どうやってNetBIOS名がユニークであることを保証するのか?

 NetBIOSネットワークにおいて、特定のコンピュータと通信したいときには、相手のコンピュータに付けられたNetBIOSユニーク名を頼りにアドレッシングしなければならない。この場合のNetBIOSユニーク名は、電話でいうところの電話番号のようなものであるから、同じ電話番号を持つ電話機が世界に2つとないのと同様に、NetBIOSユニーク名がネットワーク内で「ユニーク」であることを保証しなければならない。さもなければ正しい通信は行えない。

 しかしコンピュータ名は任意の文字列であり、ネットワークOSのインストール時にユーザーが自由に入力可能なものなので、統一的な管理を行わないかぎり、名前はユーザーによってまったく任意に付けられてしまう可能性がある。このように付けられた名前が、ネットワーク内でユニークであることをどうやって保証するのだろうか?

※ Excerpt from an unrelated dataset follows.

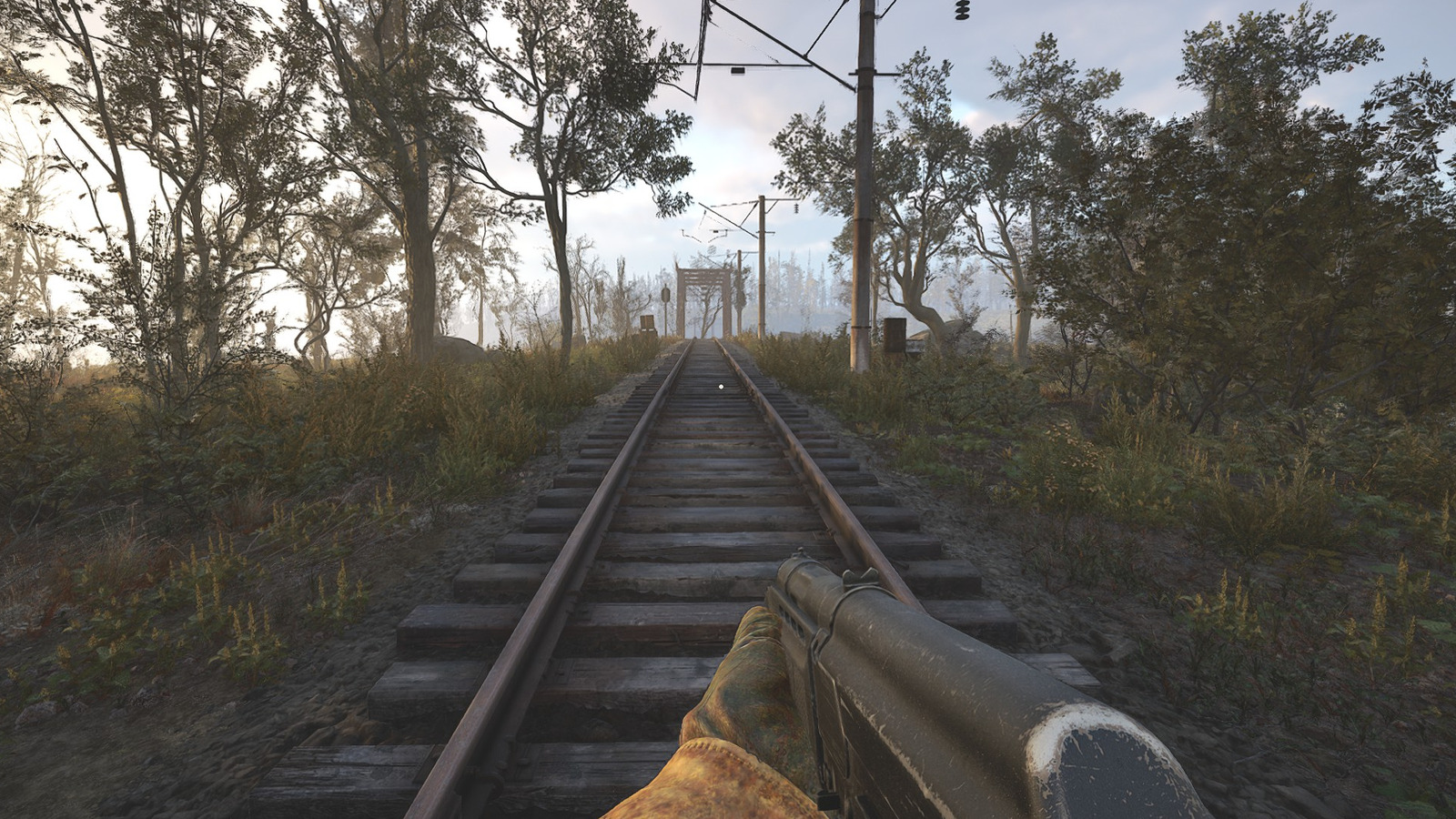 Proceed from the train carriage toward the island following the railway alignment. Eliminate zombified stalkers positioned along both rail sides before initiating the scanning mechanism.

 手元にWindowsネットワークがあるなら、試しに、重複するコンピュータ名を別のコンピュータに割り当ててシステムを起動してみよう。すると次のようなエラー・ダイアログが表示されるはずだ。

名前の衝突を知らせるエラー・メッセージボックス
すでに「DAPC100」というコンピュータが存在するWindowsドメイン・ネットワークに対して、同じ「DAPC100」という名前を付けたコンピュータをネットワークに接続しようとしたところ、このようなエラーが発生した。

 このエラーから分かるとおり、NetBIOSネットワークでは、コンピュータがネットワークに参加するとき、自身のNetBIOS名が、ほかのコンピュータのそれと衝突していないかどうかを検査している。そして名前が衝突しているときには、その名前でのネットワークへの接続が許可されない。このようにして、NetBIOSネットワークでは、その名前がユニークであることを保証しているのである。